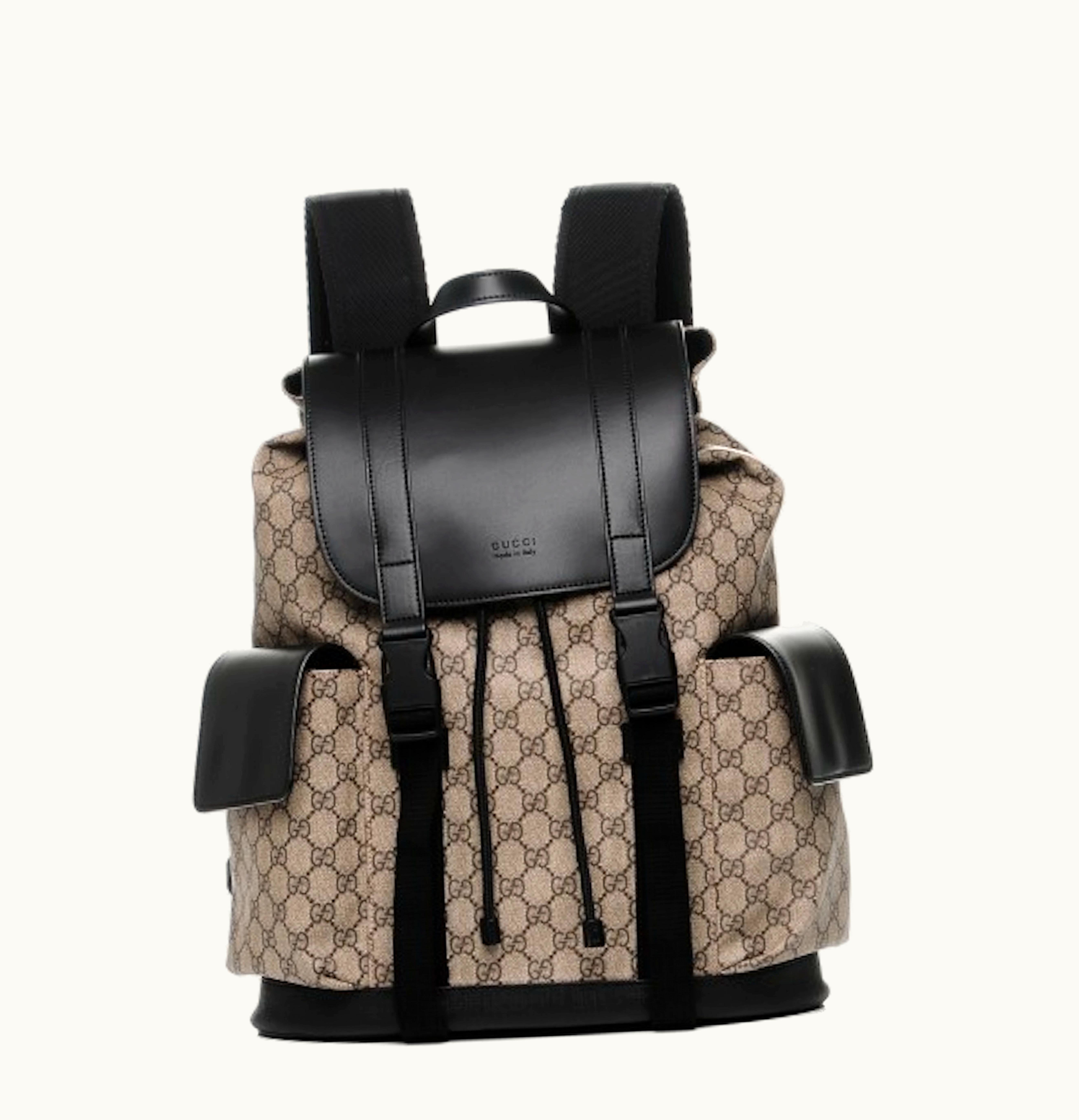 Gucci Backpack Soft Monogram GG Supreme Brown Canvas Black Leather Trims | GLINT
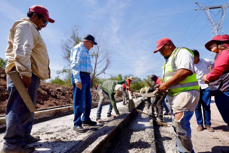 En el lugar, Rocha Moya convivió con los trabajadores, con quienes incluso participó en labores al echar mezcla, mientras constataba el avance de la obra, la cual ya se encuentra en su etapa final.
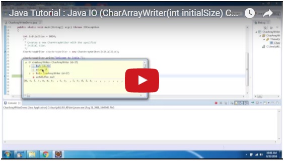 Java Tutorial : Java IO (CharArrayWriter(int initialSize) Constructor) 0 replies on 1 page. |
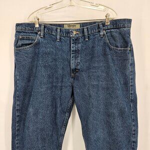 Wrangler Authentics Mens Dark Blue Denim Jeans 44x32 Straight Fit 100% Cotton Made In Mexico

**What the exercise asks:** What should appear is an exact reproduction of the lines from the one with "Java Tutorial : Java" through the end of the material above, and no pictures.

**Result below:**
 Java Tutorial : Java IO (CharArrayWriter(int initialSize) Constructor) 0 replies on 1 page. |
 Wrangler Authentics Mens Dark Blue Denim Jeans 44x32 Straight Fit 100% Cotton Made In Mexico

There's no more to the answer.